Metformin is the most widely prescribed medication to improve glycemic control in individuals with type 2 diabetes. In addition to its glucose lowering effects, metformin use is associated with clinically significant weight loss and improved insulin sensitivity [
5]. Epidemiological studies show that metformin use diminishes cancer occurrence, suggesting that metformin intervention may reduce risk of recurrence in survivors of obesity-related cancers, e.g., breast cancer [
6].
Molecular mechanisms that mediate the metabolic benefits of metformin include inhibition of gluconeogenesis (hepatic and renal) [
7], activation of AMP-activated protein kinase (AMPK) [
8], and inhibition of mitochondrial respiration and glycerophosphate dehydrogenase [
9]. Recent studies demonstrate that additional metabolically beneficial effects of metformin are mediated by the gut, including alterations in enterocytes and microbiota [
10]. However, the mechanisms by which metformin improves metabolic and cancer outcomes are not yet fully understood.
In this study, we employed targeted and untargeted metabolomics approaches to explore metabolites and metabolic pathways associated with metformin treatment in breast cancer survivors. To enhance statistical power, we conducted metabolomic profiling of metformin treatment in plasma samples at baseline and follow-up from two randomized controlled trials, testing the impact of metformin on body weight and the metabolic profile among 373 breast cancer survivors, the Reach for Health Study (US-based) and the MetBreCS study (Italy-based).
Discussion
Our metabolomic analyses, using both targeted and untargeted approaches, revealed previously unreported metabolic pathway alterations as well as several previously reported in preclinical models and humans [
20,
21]. To the best of our knowledge, this study is the first to assess metabolic responses to metformin treatment via metabolomics in breast cancer survivors.

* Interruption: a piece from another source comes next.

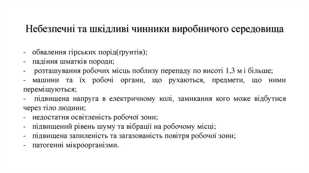 Небезпечні та шкідливі чинники виробничого середовища- обвалення гірських порід(ґрунтів);

Several classes of metabolites were altered following treatment with metformin, including amino acids such as branched-chain amino acids (BCAAs) and their alpha-ketoacid breakdown products, indoles, xanthines, phosphatidylcholines (PCs) and fatty acids.

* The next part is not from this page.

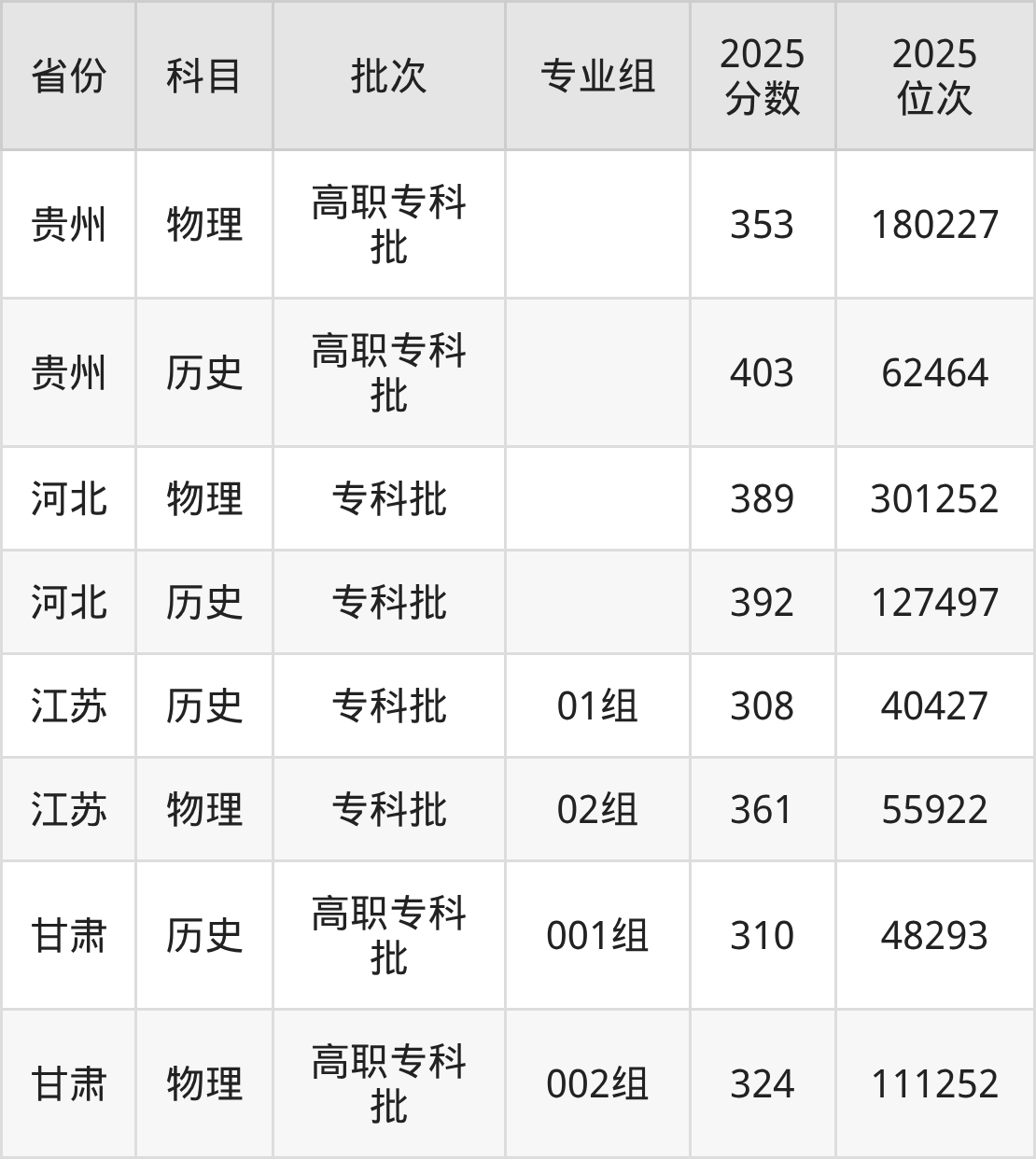 普通类专科物理类最低353分,专科历史类最低403分

Participants treated with metformin had significantly higher levels of the BCAAs leucine and isoleucine and their alpha-keto acid derivatives (BCKAs; 3- and 4-methyl-2-oxovalerate, PubChem CID 47 and 70, respectively), which paradoxically are associated with type 2 diabetes risk and insulin resistance in most studies of metformin naïve subjects [
22] but not all [
23]. Possible mechanisms underlying our observation include known effects of metformin to decrease the overall activity of mitochondrial BCAA catabolic and oxidative phosphorylation pathways [
24], enhance gene expression of sirtuin-1 (SIRT 1), and precipitate AMP-activated protein kinase (AMPK) signaling [
23]. Metformin is known to decrease the expression of branched-chain amino acid transaminase (BCAT) 2 [
25]. Metformin inhibition of the oxidative phosphorylation pathway complex I results in the accumulation of mitochondrial NADH, which together with elevated NADH generated from fatty acid oxidation in individuals with overweight obesity, negatively feedback on BCAA catabolism at the irreversible, rate-limiting step of BCKA decarboxylation in the mitochondria catalyzed by branched-chain alpha-keto acid dehydrogenase complex (BCKDH) complex. BCKDH has been previously implicated in pro-inflammatory signaling via MAPK [
26] as well as in the tumorigenesis of colorectal cancer [
27]. Overall effects of metformin to decrease BCAT expression and BCKDH activity may explain the significantly elevated levels of leucine, isoleucine, and their BCKA derivatives. These results merit further investigation of the effects of increased BCAA on tumorigenesis and cancer recurrence.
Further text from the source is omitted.